What to work on: Could you repeat the entries below exactly, but only from the line with "A well-branched, wide" through the line with "mit gerüschtem Grandad-Kragen", and without any picture?

Source data:
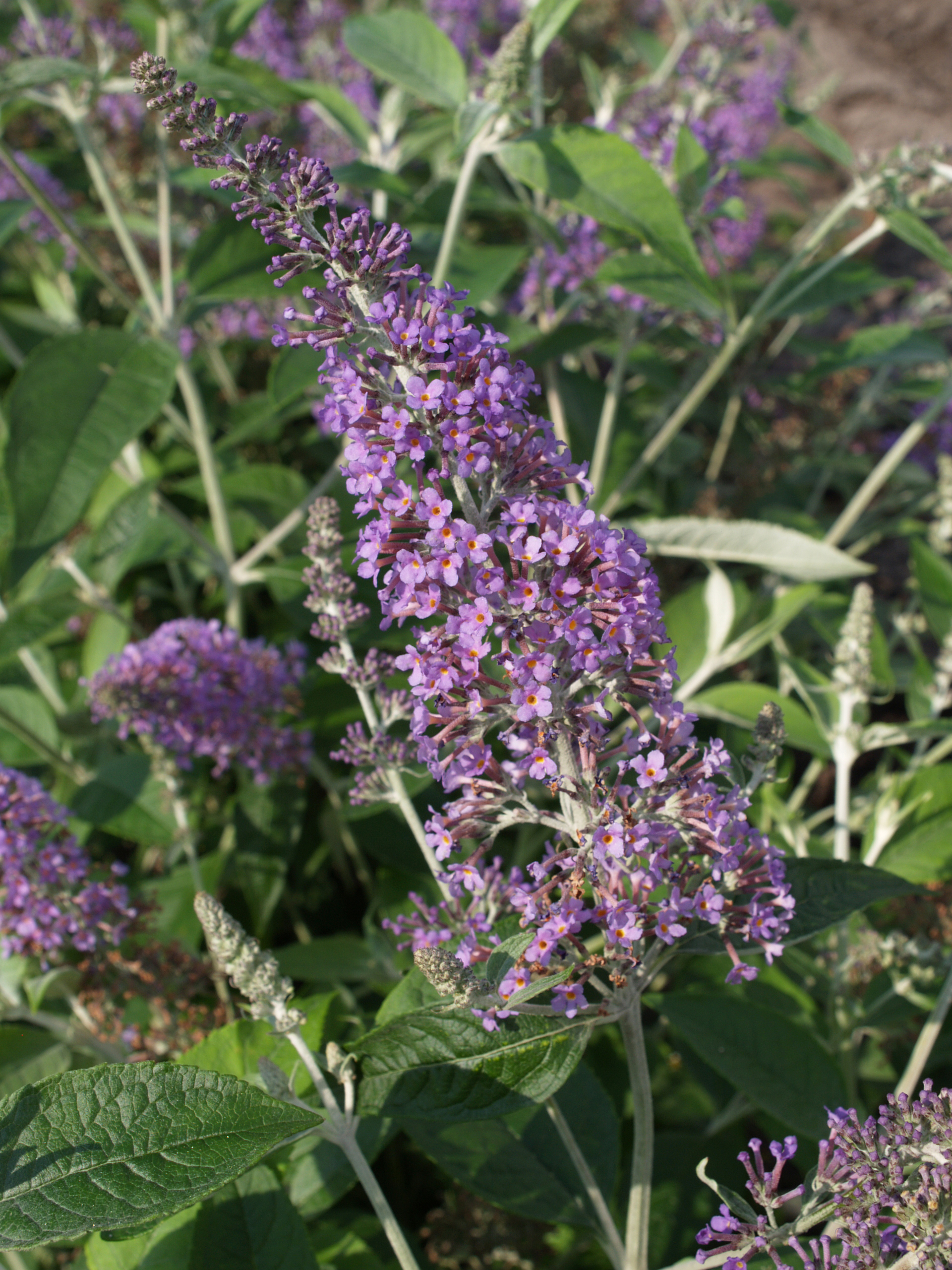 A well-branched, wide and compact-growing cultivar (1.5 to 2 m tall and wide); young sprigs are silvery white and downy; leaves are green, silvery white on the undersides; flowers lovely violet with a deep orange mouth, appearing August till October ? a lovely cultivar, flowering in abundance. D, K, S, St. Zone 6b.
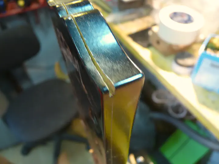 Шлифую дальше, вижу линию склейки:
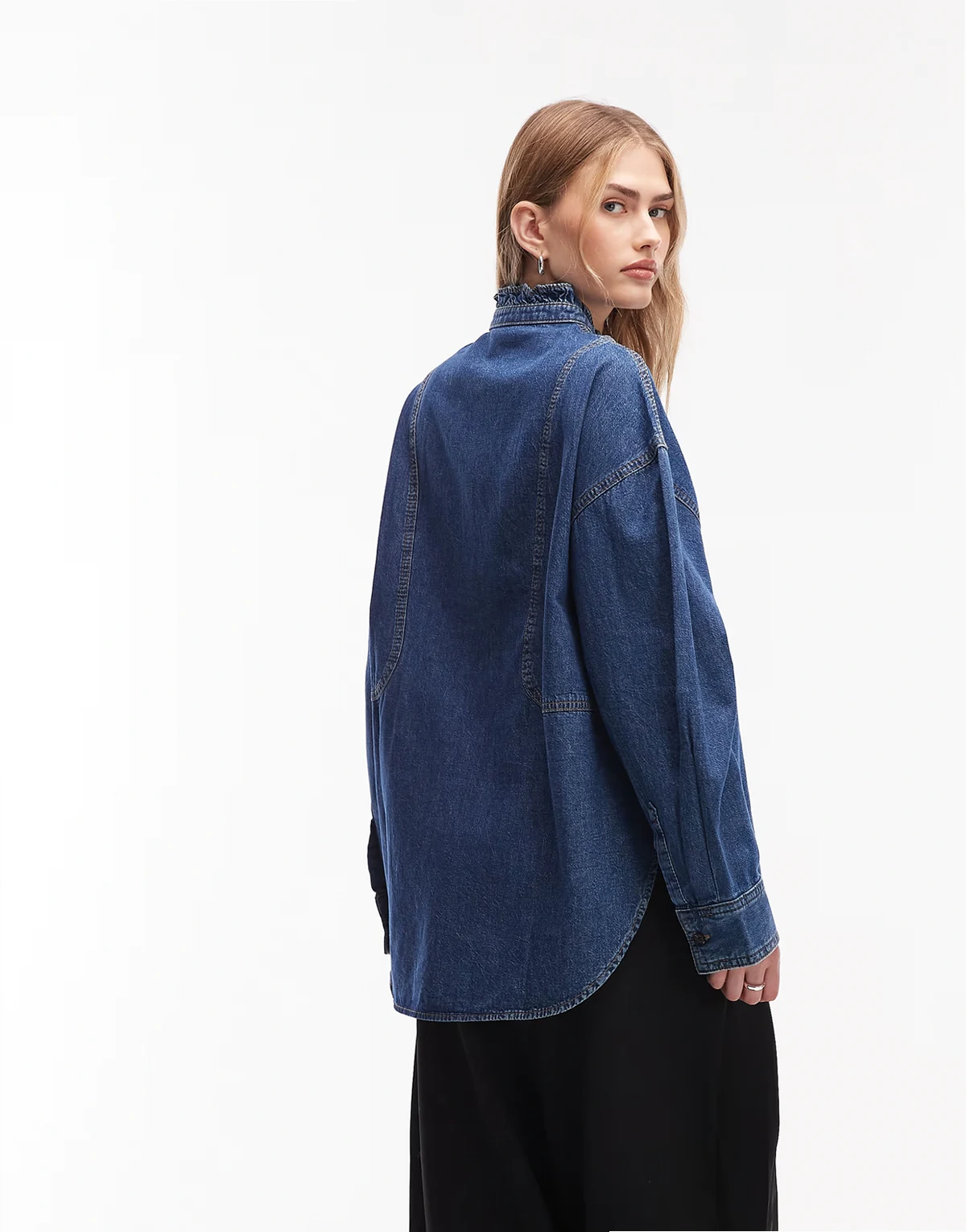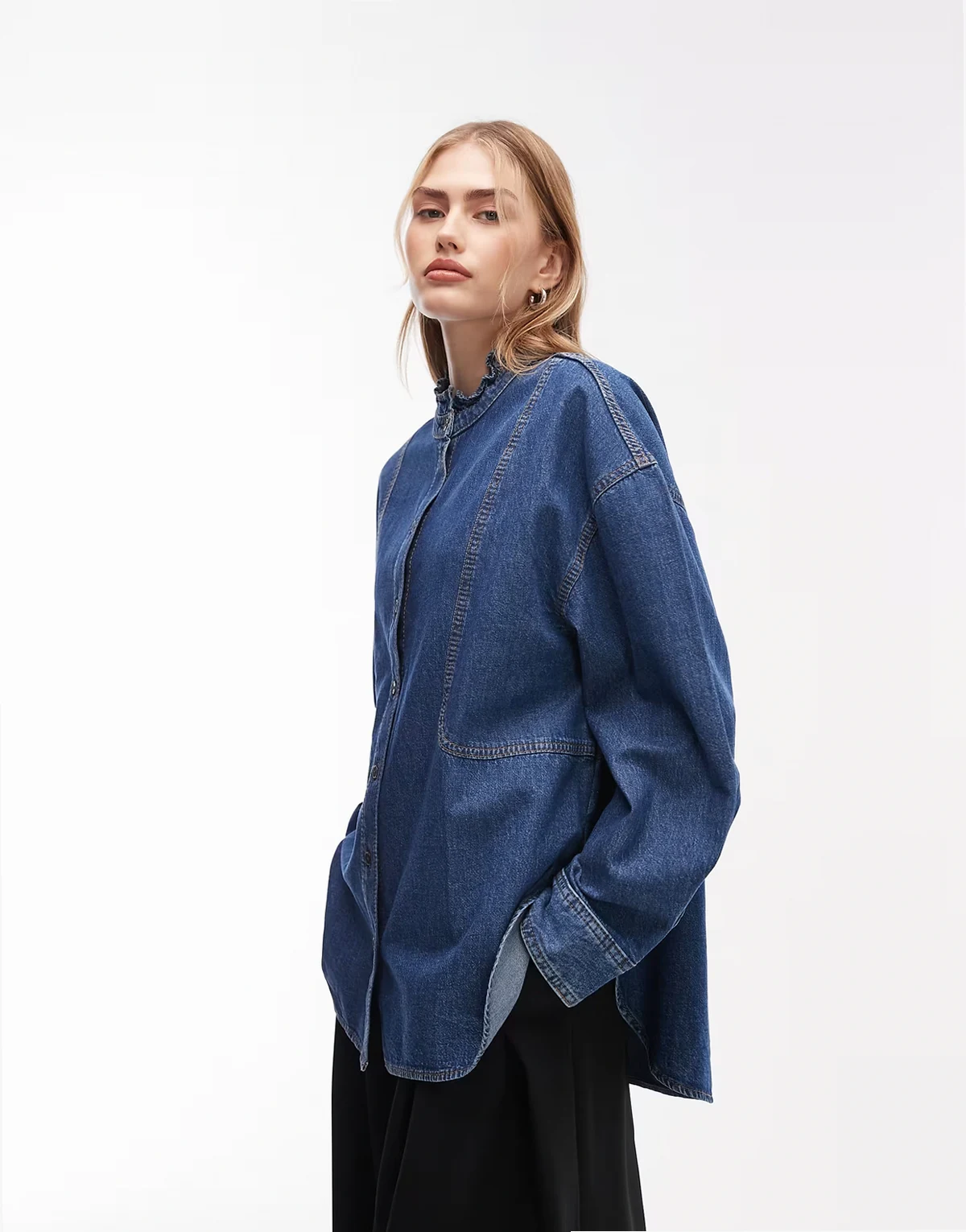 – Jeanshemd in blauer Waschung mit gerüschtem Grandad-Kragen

--

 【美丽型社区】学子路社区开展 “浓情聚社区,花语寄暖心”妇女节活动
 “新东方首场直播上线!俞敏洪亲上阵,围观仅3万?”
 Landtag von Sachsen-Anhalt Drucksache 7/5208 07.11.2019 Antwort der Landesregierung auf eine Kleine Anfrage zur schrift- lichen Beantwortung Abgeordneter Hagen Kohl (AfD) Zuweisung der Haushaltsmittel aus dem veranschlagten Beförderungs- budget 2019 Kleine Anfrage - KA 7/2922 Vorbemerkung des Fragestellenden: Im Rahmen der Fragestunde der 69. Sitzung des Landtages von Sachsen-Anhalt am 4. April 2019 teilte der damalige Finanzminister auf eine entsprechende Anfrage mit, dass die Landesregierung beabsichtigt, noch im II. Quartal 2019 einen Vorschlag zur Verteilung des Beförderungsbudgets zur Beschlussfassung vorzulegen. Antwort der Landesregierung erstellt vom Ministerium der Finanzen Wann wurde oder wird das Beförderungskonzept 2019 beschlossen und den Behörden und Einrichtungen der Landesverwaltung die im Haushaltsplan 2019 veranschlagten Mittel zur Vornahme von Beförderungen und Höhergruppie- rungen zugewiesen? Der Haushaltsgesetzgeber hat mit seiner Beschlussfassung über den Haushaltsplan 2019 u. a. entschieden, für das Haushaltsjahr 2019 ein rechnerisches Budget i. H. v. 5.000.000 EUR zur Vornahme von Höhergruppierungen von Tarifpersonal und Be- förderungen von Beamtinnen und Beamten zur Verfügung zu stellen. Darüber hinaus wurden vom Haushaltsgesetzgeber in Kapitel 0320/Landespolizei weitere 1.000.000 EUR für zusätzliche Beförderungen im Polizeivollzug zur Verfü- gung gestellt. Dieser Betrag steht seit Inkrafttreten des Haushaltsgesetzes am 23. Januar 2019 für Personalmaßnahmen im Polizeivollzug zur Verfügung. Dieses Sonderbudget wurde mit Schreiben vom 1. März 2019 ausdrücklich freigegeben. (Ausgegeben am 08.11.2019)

--

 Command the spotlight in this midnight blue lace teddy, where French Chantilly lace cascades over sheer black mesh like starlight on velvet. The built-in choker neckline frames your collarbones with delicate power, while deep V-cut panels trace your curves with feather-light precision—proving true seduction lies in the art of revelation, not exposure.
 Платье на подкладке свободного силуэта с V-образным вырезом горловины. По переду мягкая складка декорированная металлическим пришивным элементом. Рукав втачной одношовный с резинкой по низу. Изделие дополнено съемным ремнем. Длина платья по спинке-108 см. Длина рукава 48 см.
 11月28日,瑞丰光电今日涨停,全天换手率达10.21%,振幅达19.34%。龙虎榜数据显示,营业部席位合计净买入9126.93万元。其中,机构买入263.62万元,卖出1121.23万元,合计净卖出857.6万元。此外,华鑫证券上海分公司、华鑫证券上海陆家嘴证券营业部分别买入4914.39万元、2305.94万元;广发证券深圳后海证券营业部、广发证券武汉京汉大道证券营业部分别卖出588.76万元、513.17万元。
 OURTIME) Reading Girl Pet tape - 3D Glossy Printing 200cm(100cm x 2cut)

Exercise solution:
 A well-branched, wide and compact-growing cultivar (1.5 to 2 m tall and wide); young sprigs are silvery white and downy; leaves are green, silvery white on the undersides; flowers lovely violet with a deep orange mouth, appearing August till October ? a lovely cultivar, flowering in abundance. D, K, S, St. Zone 6b.
 Шлифую дальше, вижу линию склейки:
 – Jeanshemd in blauer Waschung mit gerüschtem Grandad-Kragen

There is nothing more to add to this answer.